Nah jika berencana membeli rumah melalui KPR , sebaiknya pilih bank yang humanis. Memangnya ada, bank dengan kategori humanis? Ada. Saya sudah membuktikan dan siap berbagi cerita di sini.
Sebelumnya kita sepakati dulu ya, bahwa dalam jual beli rumah melalui KPR, setidaknya ada tiga pihak terlibat : pengembang, user atau pembeli, dan bank pemberi kredit. Dalam hubungan segitiga ini, persoalan bisa muncul antara para pihak. User dengan pengembang, user versus bank, atau pengembang dengan bank, atau yang lebih ruwet, jika tiga pihak sekaligus terlibat dalam satu perkara yang sama. Pusiiing pala berbie..
Oke, saya mulai ceritanya.
Kami, saya dan suami, punya pengalaman pahit saat membeli rumah. Bos pengembang perumahan mendadak  HIPERTENSI -  hilang pergi tanpa permisi, alias minggat.  Maka kami harus mengambil alih  tugas nya. Seperti membenahi bagian rumah yang belum selesai dibangun, dan  yang bikin sakit nya tuh di sini : sertifikat rumah belum diproses sama sekali.Â
Ini  jelas wan prestasi, karena sejak awal disebutkan bahwa harga beli sudah termasuk biaya sertifikat hak milik (SHM).  Janji itu termuat dalam  brosur  ,  pamflet, baliho dan sebagainya. Dalam akta jual beli, seingat saya masalah penerbitan SHM juga termasuk dalam kesepakatan. Tetapi  karena lidah, kertas dan kanvas tak bertulang, maka janji tinggallah janji. Bersama kami, total ada 15 user. Semua harus menelan pil pahit menempati rumah  bodong,  tak bersertifikat.

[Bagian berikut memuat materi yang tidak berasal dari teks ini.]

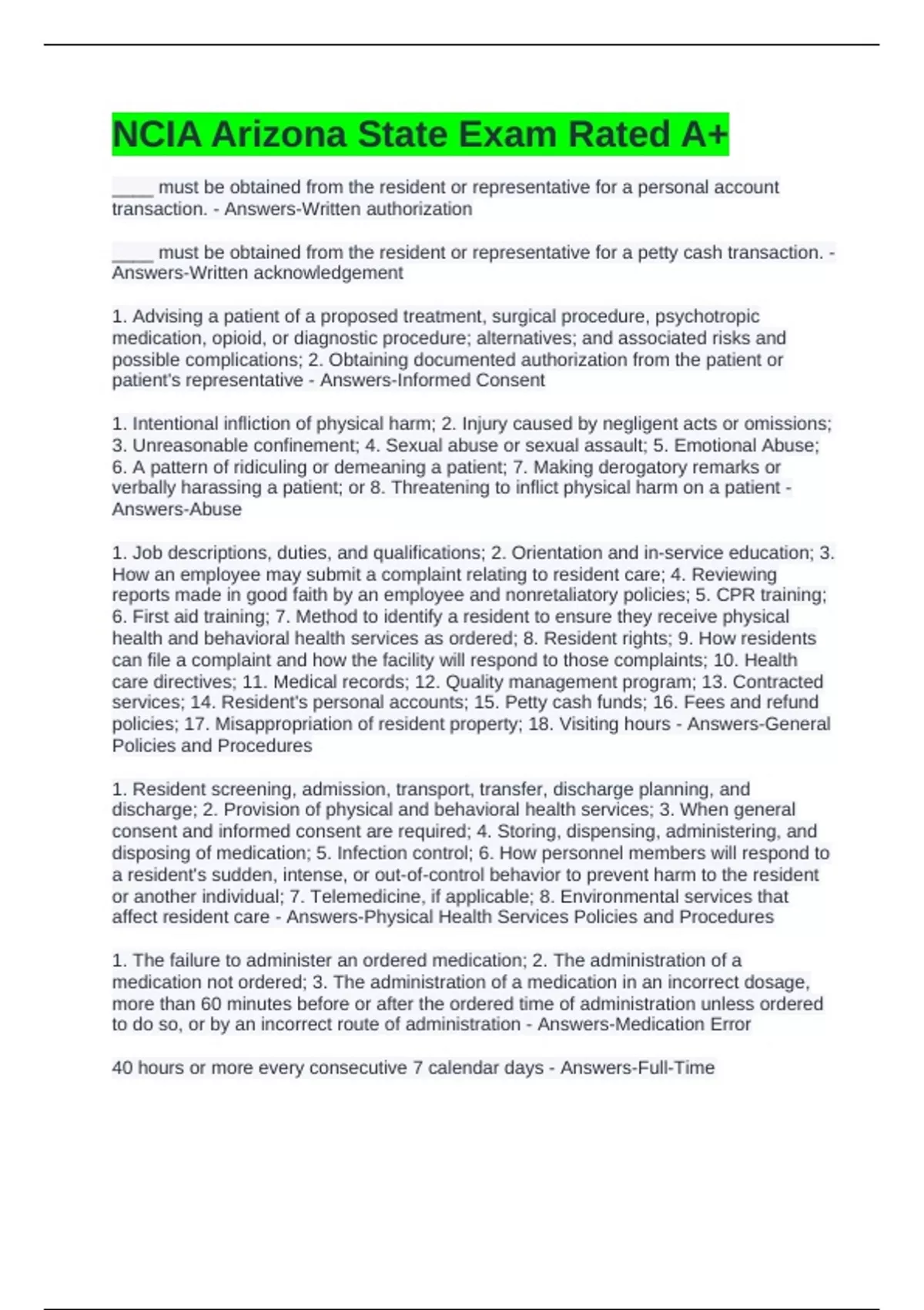 NCIA Arizona State Exam Rated A+
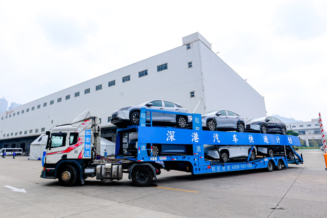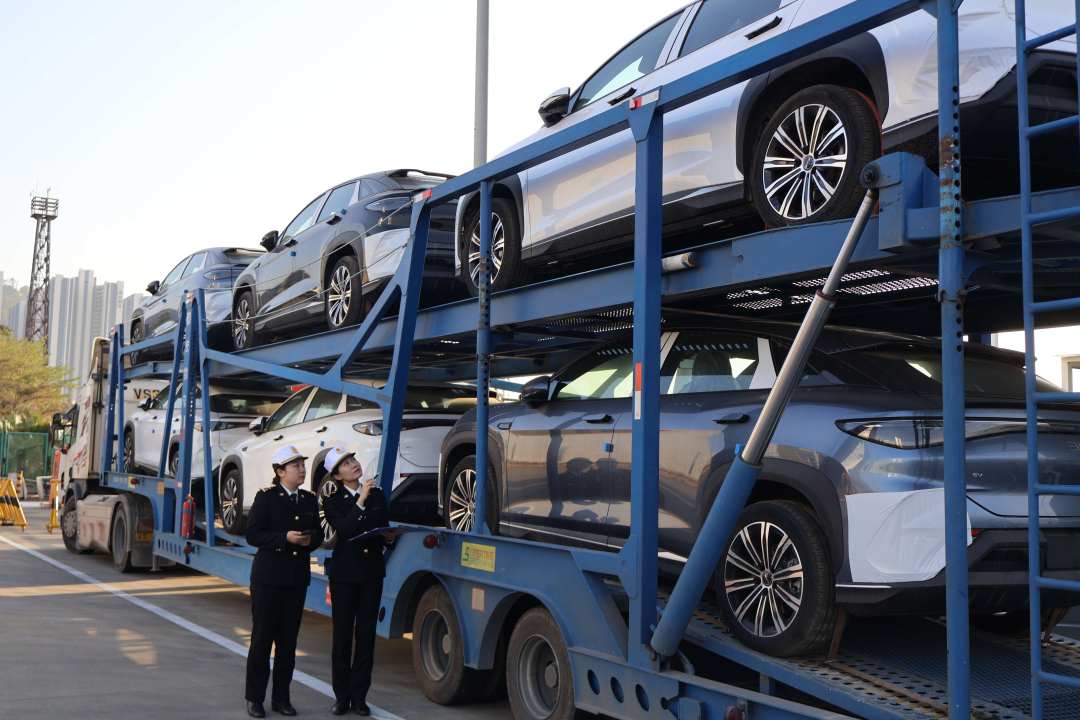 深圳海关所属蛇口海关关员对一批新能源汽车进行入区前监管。
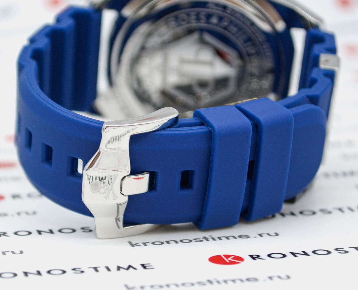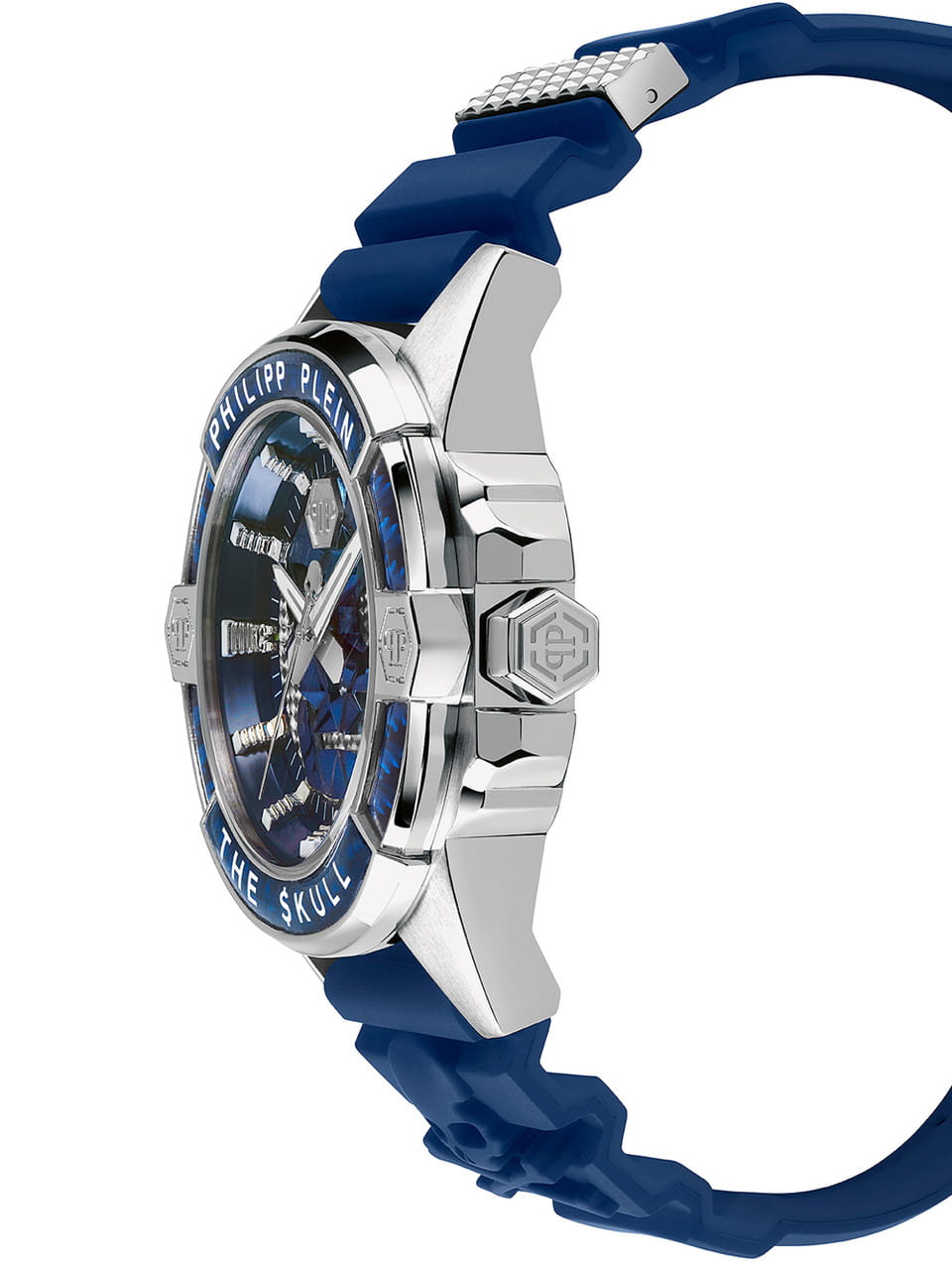 Мужские кварцевые часы с синим карбоновым покрытием циферблата Philipp Plein The Skull Carbon Fiber PWAAA1722, кварцевый механизм с высокой точностью. Класс водозащиты: 50 метров, позволит защитить корпус от случайных брызг или капель дождя. Круглый корпус выполнен из нержавеющей стали. Заводная головка с защитой. Синий силиконовый ремешок шириной 22 мм, стандартная застежка.
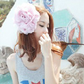 拿丸子妹妹头换粉玫瑰花花泳裙
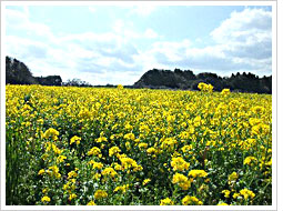 「ここっていすみだよね?」 その広さに、 まるで北海道に来たのではないかと錯覚してしまいそう。 広大な菜の花畑と牧草地、そして牛舎も車庫も何から何まで大きく、スケールがちがいます! この牧場の広さは23町歩(23ヘクタール)、広さは東京ドームの約5個分なのです。

Lima tahun lebih, kabar si pengembang semakin kabur . Perusahaannya  hancur, aset-aset diambil paksa oleh para kreditur. Yaitu, mereka yang tak sabar menerima janji pembayaran hutang yang selalu mundur.
Kami bingung. Ingin lapor polisi, pikir-pikr juga. Toh, seandainya buron berhasil ditangkap, kata orang, hukuman kurungan bisa menggugurkan kewajiban (mengurus sertifikat). Â Lha., artinya kami tetap harus ngurus sendiri kan?
Sikap Bank Pemberi KPR , Menimbulkan Kecembuaruan
Para tetangga mayoritas mengambil kredit pada bank spesialis penyedia KPR (sebut saja Bank  Toyib). Hanya kami saja yang memilih KPR dari bank umum ( saya beri nama bank Badrun). Dan di sini lah, masalah 'sampingan' itu muncul.
Selain ketiban sampur harus menanggung biaya sertifikasi tanah yang muuuahaal. Para tetangga juga harus menghadapi masalah terkait sikap bank yang tidak humanis.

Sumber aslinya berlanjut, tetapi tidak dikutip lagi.